▶ EXERCISE DESCRIPTION
Once the line with "Photo--black and white: High" has been located in the records below, set down that line and all subsequent lines exactly, omitting the pictures.

※ ※ ※

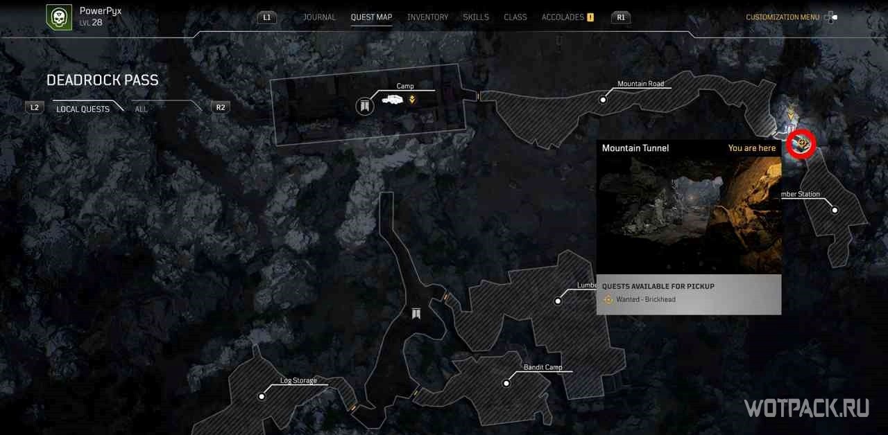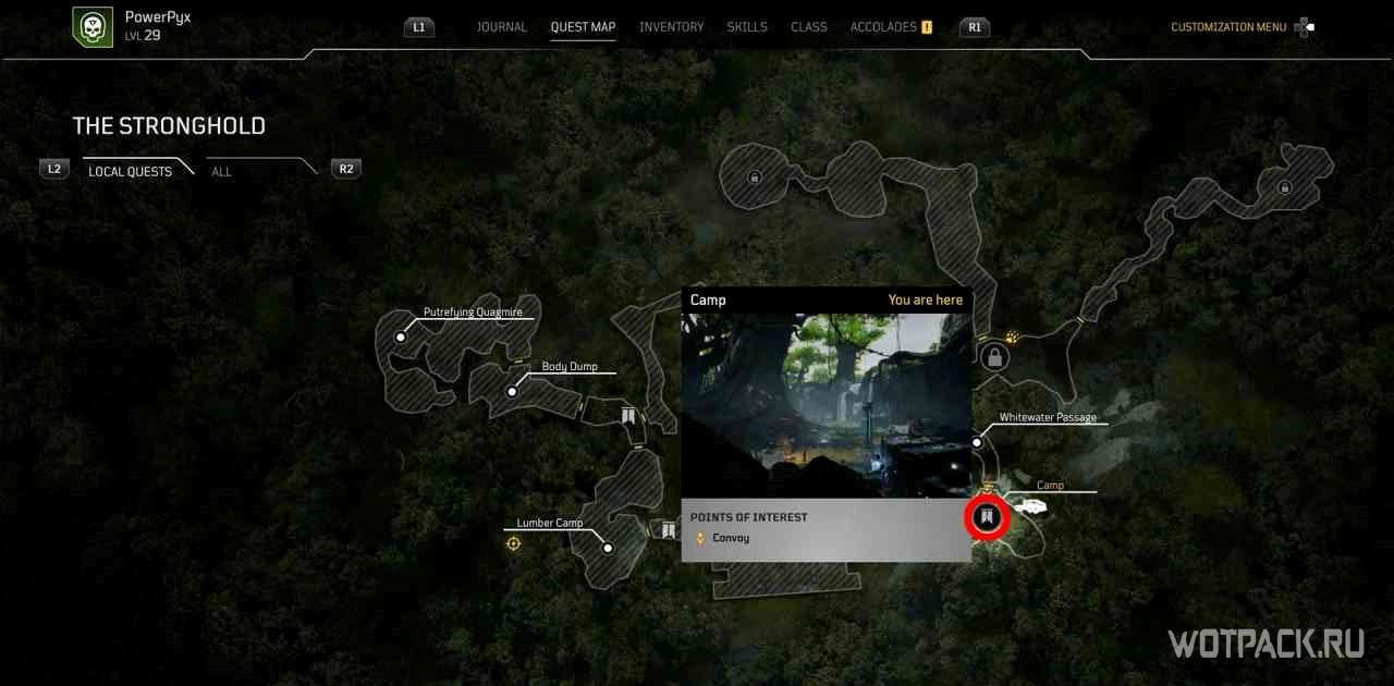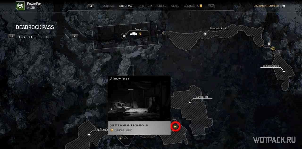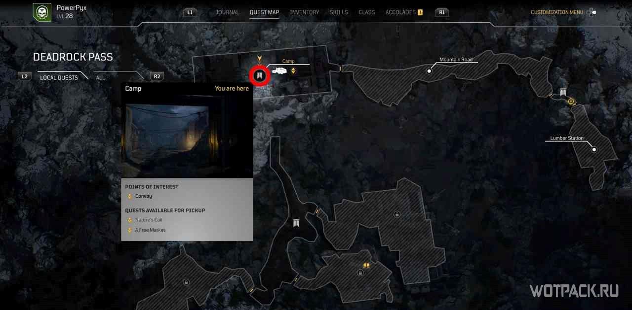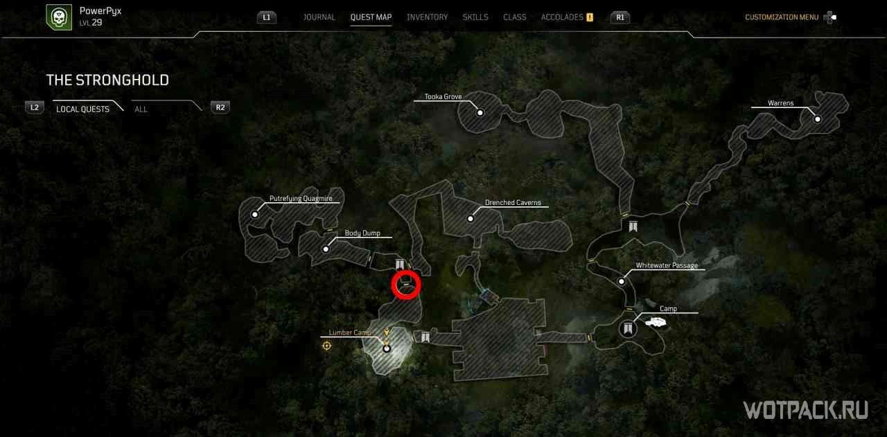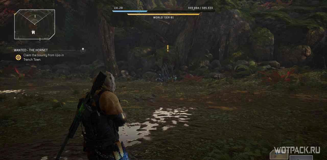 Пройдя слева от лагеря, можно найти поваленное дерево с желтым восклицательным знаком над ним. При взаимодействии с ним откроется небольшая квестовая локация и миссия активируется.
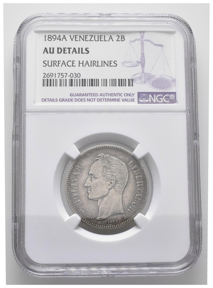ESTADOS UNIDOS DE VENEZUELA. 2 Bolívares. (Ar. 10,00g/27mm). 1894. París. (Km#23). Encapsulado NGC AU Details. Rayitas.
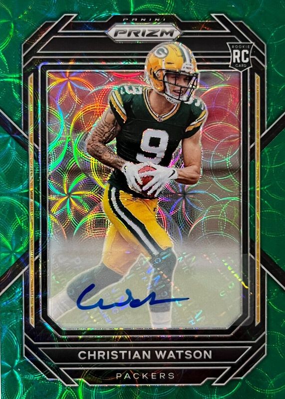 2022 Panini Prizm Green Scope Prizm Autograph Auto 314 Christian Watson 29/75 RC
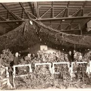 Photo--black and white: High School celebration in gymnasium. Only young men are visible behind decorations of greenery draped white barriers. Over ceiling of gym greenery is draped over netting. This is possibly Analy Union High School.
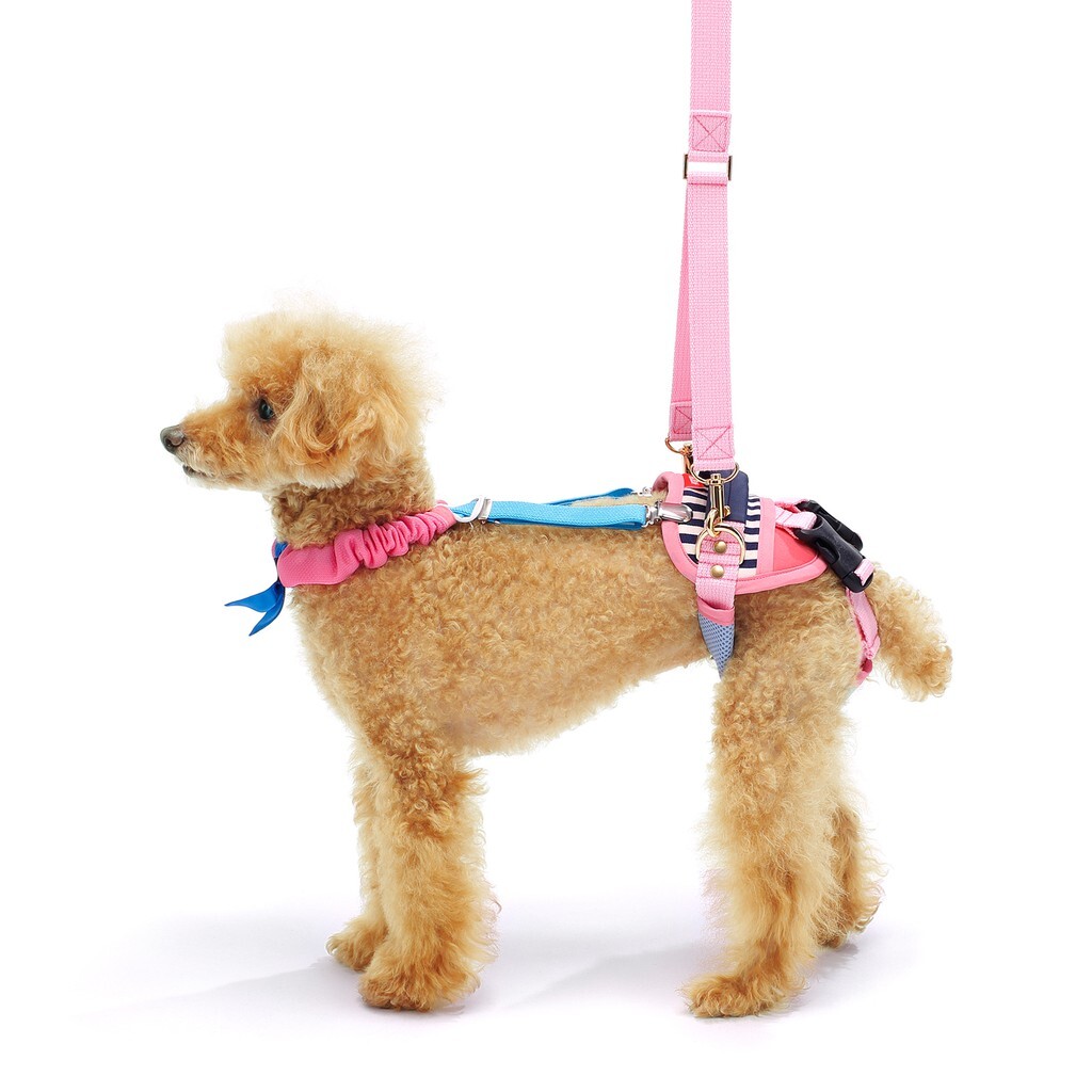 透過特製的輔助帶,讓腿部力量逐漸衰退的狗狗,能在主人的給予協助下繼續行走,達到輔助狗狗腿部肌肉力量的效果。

※ ※ ※

▶ EXPECTED ANSWER
 Photo--black and white: High School celebration in gymnasium. Only young men are visible behind decorations of greenery draped white barriers. Over ceiling of gym greenery is draped over netting. This is possibly Analy Union High School.
 透過特製的輔助帶,讓腿部力量逐漸衰退的狗狗,能在主人的給予協助下繼續行走,達到輔助狗狗腿部肌肉力量的效果。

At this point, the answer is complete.